A report that raises some questions.

Washington State’s latest report on physician-assisted suicide prompts questions about the reliability of prognosis of terminal illness

We now have the latest official report on the working of Washington State’s 2008 physician-assisted suicide law.  It shows that in 2012 there was a further (17 per cent) increase in the number of terminally ill people to whom lethal drugs were legally supplied in order to assist them to take their own lives.  This is not in itself surprising: it mirrors the experience of neighbouring Oregon State since 1998.  

However, there are some other data in the report which need to be considered.  In each year from 2009 to 2012 the number of deaths of recipients of lethal drugs has been less than the number of people to whom drugs were supplied.  This is to be expected as sometimes drugs issued in one year may not be ingested until the next year.  So, for example, the report on Year 2010 tells us that 72 of the 87 people who received lethal drugs in that year had died.  By the time of the report on 2011, however, the figure of 72 deaths in 2010 had increased to 84 and the report on 2012 puts it at 85.

It is inevitable, given the unreliability of prognoses of terminal illness at the six months range prescribed in Washington’s law, that there will be some recipients of lethal drugs who outlive the predictions made for them.  But the latest report indicates that 17 per cent (one in six) of deaths in 2012 were of recipients who had held the drugs supplied to them for more than 25 weeks – a range of 3 to 150 weeks is given.  Indeed, according to the report, it is not known whether two recipients of lethal drugs in each of the years 2009, 2010 and 2011 have died or are still alive.

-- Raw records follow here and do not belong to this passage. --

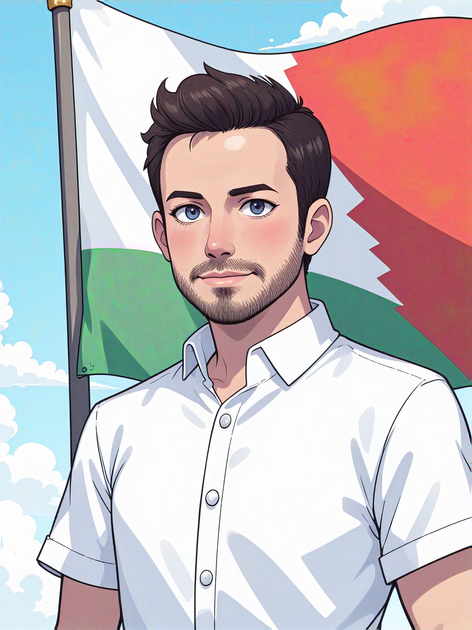 A person, upper body, wearing a white shirt, standing and smiling, with a huge houthi flag flying behind them.
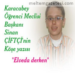 Sevgili okuyucularım; Bu yıl sizlere Meltem aracılığıyla onlarca yazı sundum. Yazılarımı dikkatle okuduğunuzu umuyorum. Ancak, bu yıl 8. sınıf yani OKS öğrencisi olduğum için boş zamanlarımı derse ayırma kararı aldım. Yazılarıma bu yoğun ders yılı nedeniyle ara vereceğim. Eğer yazabilirsem de çok nadir karşınıza çıkacağım. Köşemi HÜSEYİN TAŞÇATAN’A bırakıyorum. Bu yıl iyi bir liseye gitme hakkı kazanabilirsem, sizlere söz veriyorum “Günlük Yazılar” yazacağım. Beni anlayışla karşılamanızı istiyorum. Üzülerek, sizlere veda etmek zorundayım. Bu, “Artık Sinan hiç yazı yazmayacak” demek değildir. Sadece zamanımın %90’ını derslere ayırmak ve okumak istiyorum. İleride karşınıza üniversite mezunu, ülkesine yararlı aydın bir yönetici olarak çıkmamı istiyorsanız, beni gayet iyi anlıyorsunuz demektir.
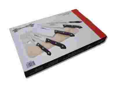 KOMPLET NOŻY KUCHENNYCH Z DREWNIANĄ DESKĄ
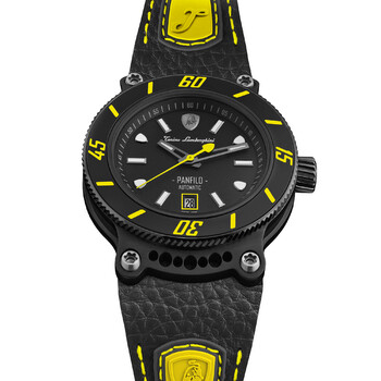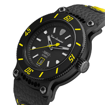 Black titanium case with a black leather strap. Fixed black titanium bezel with an inlaid black ring. Black dial with luminous grey hands and index hour markers. Arabic numeral minute markers (at 5 minute intervals). Minute markers around the outer rim. Dial Type: Analog. Luminescent hands and markers. Date display at the 6 o'clock position. Sellita caliber SW200-1 automatic movement, containing 26 Jewels, bitting at 28800 vph, and has a power reserve of approximately 38 hours. Scratch resistant sapphire crystal. Screw down crown. Solid case back. Round case shape. Case size: 44 mm. Case thickness: 15 mm. Band width: 29.6 mm. Fold over clasp. Water resistant at 100 meters / 330 feet. Functions: date, hour, minute, second. Panfilo Series. Casual watch style. Watch label: Swiss Made. Tonino Lamborghini Panfilo Automatic Black Dial Men's Watch TLF-T03-5.

These longer-than-predicted survival rates corroborate expert medical evidence given to Parliament in Britain a few years ago that prognoses of terminal illness at six months range are unreliable.  Yet the proposals that have been put forward for legalising physician-assisted suicide in England and Wales, from Lord Joffe’s Private Member’s bill in 2005 to Lord Falconer’s in 2013, persist in replicating Washington’s and Oregon’s six-months-to-live criteria. 

Washington’s latest report should give us pause for thought.